Key Takeaways
The Daily Mail is preparing to file a lawsuit against Google for copyright infringement.
Google allegedly utilized hundreds of thousands of articles from the Daily Mail without permission to train Bard.
The dataset used to train Bard reportedly consisted of one million articles, with approximately 75% sourced from the Daily Mail and 25% from CNN.
Google is currently facing the possibility of new legal action regarding copyright infringement from the owner of the Daily Mail, a prominent newspaper.
Allegedly, Google has unlawfully utilized hundreds of thousands of articles from the Daily Mail to train its competitor to ChatGPT, called Bard.
The publishing house, Daily Mail and General Trust (DMGT), owned by Lord Rothermere, is said to have sought legal advice and is preparing to file a lawsuit against Google in the near future.
Why Does it Matter?
The rise of generative AI, which relies on large language models trained on web content, has transformed the relationship between search engines and content creators.
Previously, search engines granted website operators full control over the crawling and indexing of their content.
However, the development of AI models like Bard has altered this landscape, raising concerns among content creators and publishers who fear potential negative consequences.
Google is accused of engaging in actions that include the creation of a dataset to train Bard.
This dataset allegedly consists of one million articles sourced from news publishers, and it is claimed that Google obtained these articles without seeking permission or notifying the publishers.
The accusation further specifies that approximately 75% of the articles were obtained from the Daily Mail, while the remaining 25% were sourced from CNN's website.
The choice of the Daily Mail and CNN as sources for training Bard can be attributed to the fact that both publishers summarize articles using bullet points at the beginning of their stories.
Google supposedly tested Bard's capabilities by providing these bullet point summaries with missing text and then asking the chatbot to fill in the gaps based on the main body of the article.
All parties involved, including Google, DMGT, and CNN, have declined to comment on these reports.
Other Allegations on Google
In addition to the potential lawsuit by DMGT, Google is also facing other legal troubles.
Specifically, eight plaintiffs in the United States, which includes a best-selling author from Texas, have accused Google of engaging in illegal activities.
They claim that Google has unlawfully used copyrighted content and improperly utilized personal information to train its AI products.
To address these allegations, the plaintiffs have taken legal action by filing a proposed class action lawsuit in San Francisco.
By doing so, they seek to represent a larger group of individuals who may have been affected by Google's actions.
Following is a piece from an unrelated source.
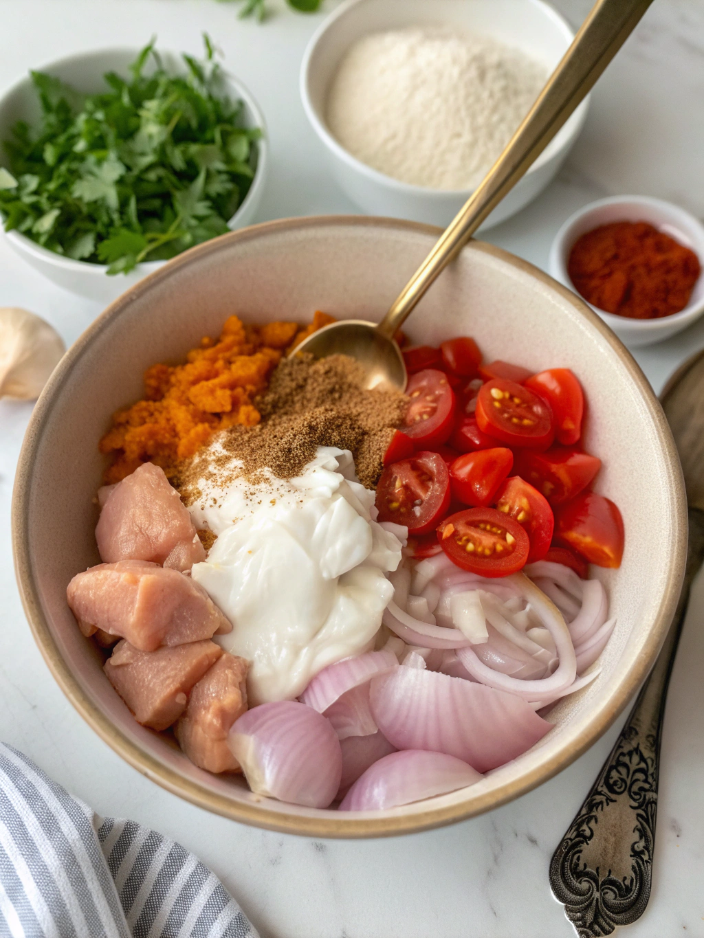 In a large bowl, combine chicken pieces with yogurt, lemon juice, garam masala, cumin, smoked paprika, cayenne pepper, and salt. Mix thoroughly until every piece glistens with the spiced yogurt coating. If time permits, let this marinate for 15-30 minutes in the refrigerator (though you can skip this for truly express cooking). The yogurt tenderizes the chicken while infusing it with flavor from the inside out.

If the court finds Google guilty of the accusations, the plaintiffs are requesting compensation of up to $5 billion.
Put simply, alongside the potential lawsuit from DMGT, Google is confronted with a separate legal battle where multiple plaintiffs are accusing the company of copyright infringement and misuse of personal data for AI training purposes.
The outcome of these legal proceedings will determine whether Google will be held accountable and potentially face significant financial consequences.